WORK ITEM:
An exact reproduction of the records is required. Images must be left out.

RECORDS:
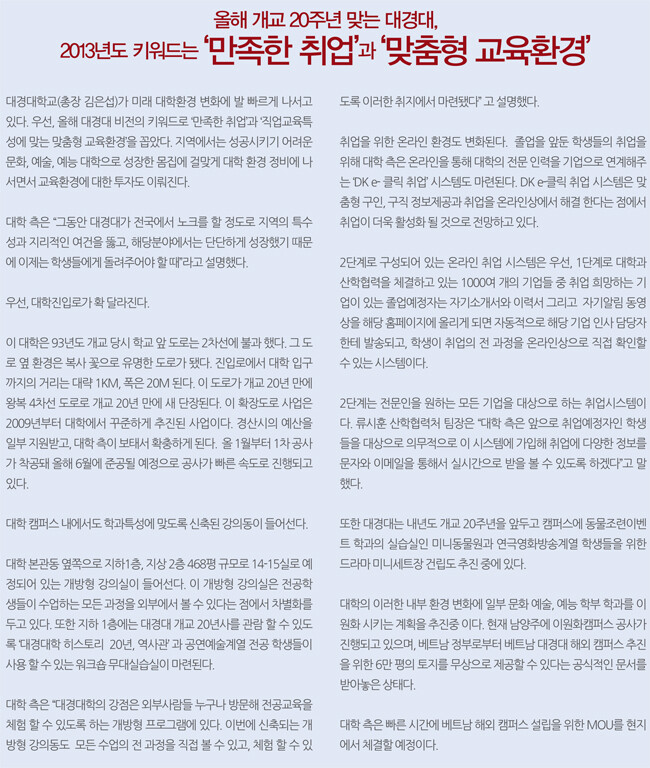 주인공은 지난 1993년 문화와 예술 예능분야 특성화를 내걸고 개교한 대경대학교다. 전국 유일의 학과들을 잇따라 개설하면서 새로운 취업군을 개발하고 고소득 전문직 졸업자를 배출하고 있는 대경대학교의 진면목을 들여다본다.
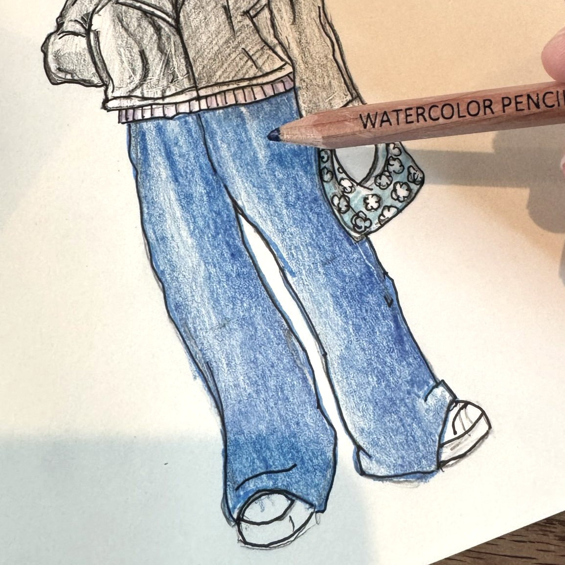 For this reason, I usually bring just watercolor pencils, a waterbrush pen, and my sketchbook to the coffee shop for quick drawings, instead of carrying the whole gears like brushes, paint tubes, palettes, and mixing trays. This way is easier and makes my work feel more natural and relaxed than traditional methods.
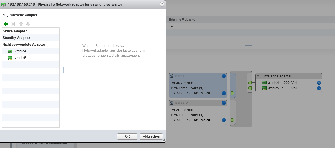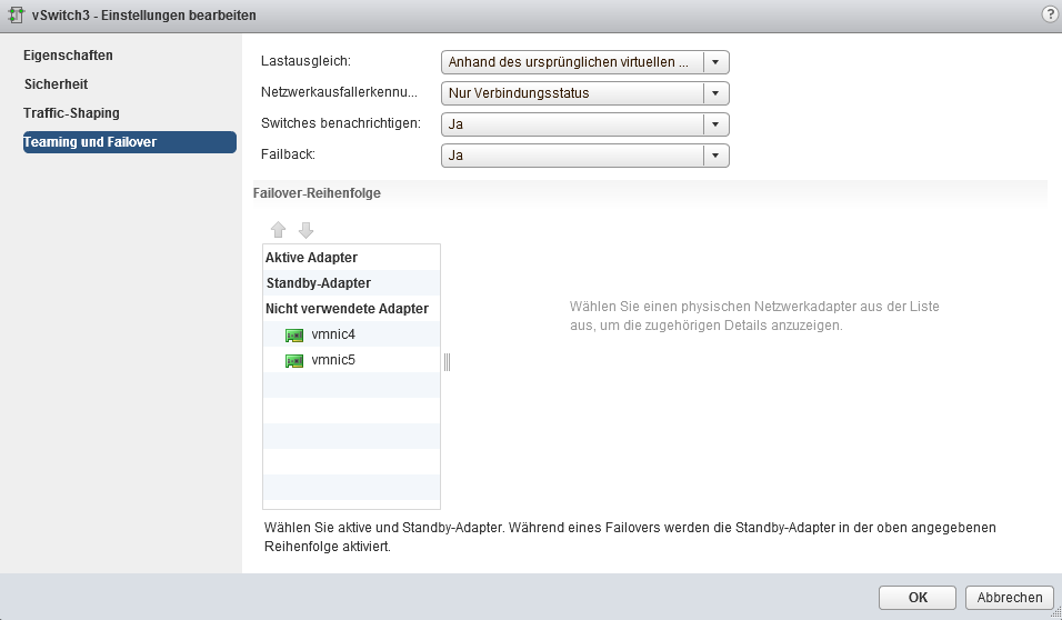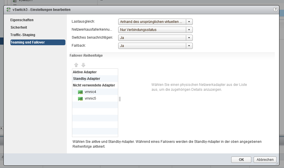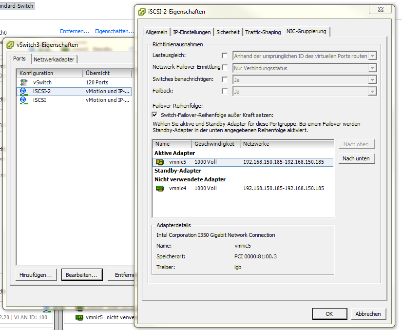 - Eigener vSwitch für die iSCSI Verbindungen, mind. 2 LAN-Anschlüsse, 1 pro physischen Switch. Im vSwitch die NIC-Gruppierung überall auf deaktiviert stellen
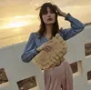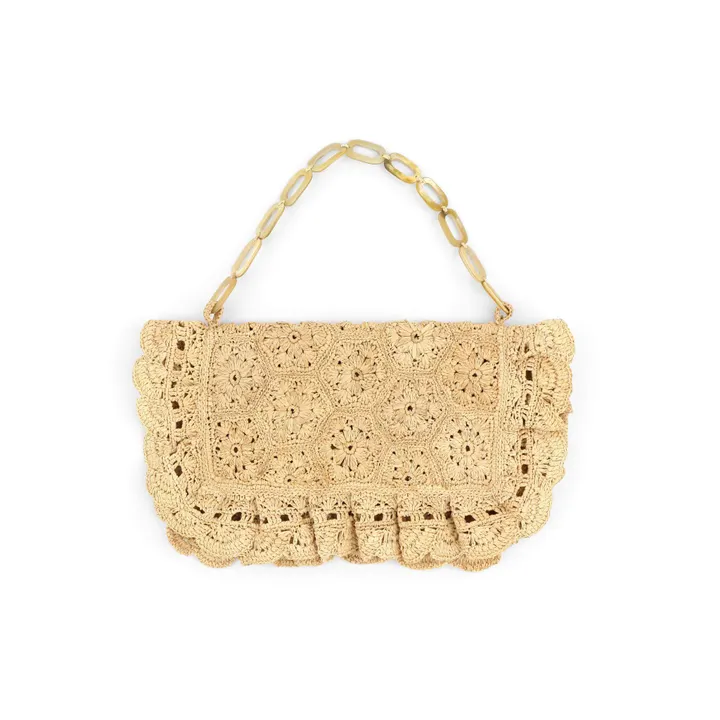 ☆繊細でロマンチックな天然繊維のクラッチバッグ☆ 美しい透かし編みで、端にはラフィアレースのフリルが施されています。 すべてハンドメイドで、花や美しい日々を連想させます。
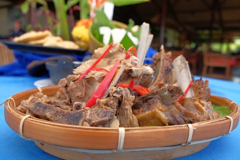 遊牧民のゲルにてモンゴル名物・石焼バーベキュー「ホルホグ」(羊の石焼)をご用意。

WRITTEN SOLUTION:
 주인공은 지난 1993년 문화와 예술 예능분야 특성화를 내걸고 개교한 대경대학교다. 전국 유일의 학과들을 잇따라 개설하면서 새로운 취업군을 개발하고 고소득 전문직 졸업자를 배출하고 있는 대경대학교의 진면목을 들여다본다.
 For this reason, I usually bring just watercolor pencils, a waterbrush pen, and my sketchbook to the coffee shop for quick drawings, instead of carrying the whole gears like brushes, paint tubes, palettes, and mixing trays. This way is easier and makes my work feel more natural and relaxed than traditional methods.
 - Eigener vSwitch für die iSCSI Verbindungen, mind. 2 LAN-Anschlüsse, 1 pro physischen Switch. Im vSwitch die NIC-Gruppierung überall auf deaktiviert stellen
 ☆繊細でロマンチックな天然繊維のクラッチバッグ☆ 美しい透かし編みで、端にはラフィアレースのフリルが施されています。 すべてハンドメイドで、花や美しい日々を連想させます。
 遊牧民のゲルにてモンゴル名物・石焼バーベキュー「ホルホグ」(羊の石焼)をご用意。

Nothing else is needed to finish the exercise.